Save the Model State
nn.saveModel('trainedModel.json');
This saves the model's current state to trainedModel.json.
Load the Model State
nn.loadModel('trainedModel.json');
This loads the model from the file and restores its configuration and weights, allowing you to resume training or make predictions.
Training Options (Defaults)
Here’s a summary of all the configurable options during training:
epochs (required): Number of iterations to train the network.
batchSize (default: 1): Number of training samples per batch.
shuffle (default: false): Shuffle the training data at the start of each epoch.

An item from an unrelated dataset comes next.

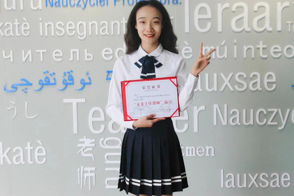 记者手记:“成功的花,人们只惊慕她现时的明艳!然而当初它的芽儿,浸透了奋斗的泪泉....”和施宇学姐接触的时间不多,有幸成为她从学生到教师蜕变的讲述者,对她的讲述或多或少存在偏颇,但她对梦想执着的追求,对生活阳光的态度,对时间精准的管理,对母校深深的感情,都值得我们认真学习。四年光景转瞬即逝,美好青春一去不回。希望每一个奋斗的青春,都能到达理想的彼岸,希望施宇学姐在人生卷轴上,继续书写属于自己的美丽华章。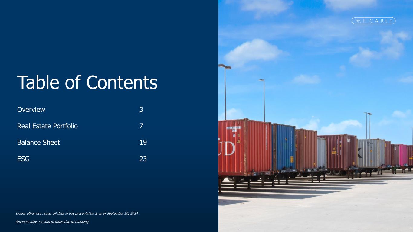 Table of Contents Unless otherwise noted, all data in this presentation is as of September 30, 2024. Amounts may not sum to totals due to rounding. Overview Real Estate Portfolio Balance Sheet ESG 3 7 19 23

earlyStopping (default: false): Stop training early if validation loss doesn’t improve after a set number of epochs.
patience (default: 5): Number of epochs to wait before stopping early.
validationData (default: null): Data used to validate the model during training.
lossType (default: "mse"): The loss function to use. Options are "mse", "mae", or "crossentropy".
l2Lambda (default: 0.01): Strength of L2 regularization to avoid overfitting.
callback (default: null): A function to handle events during training.
License
This project is licensed under the MIT License.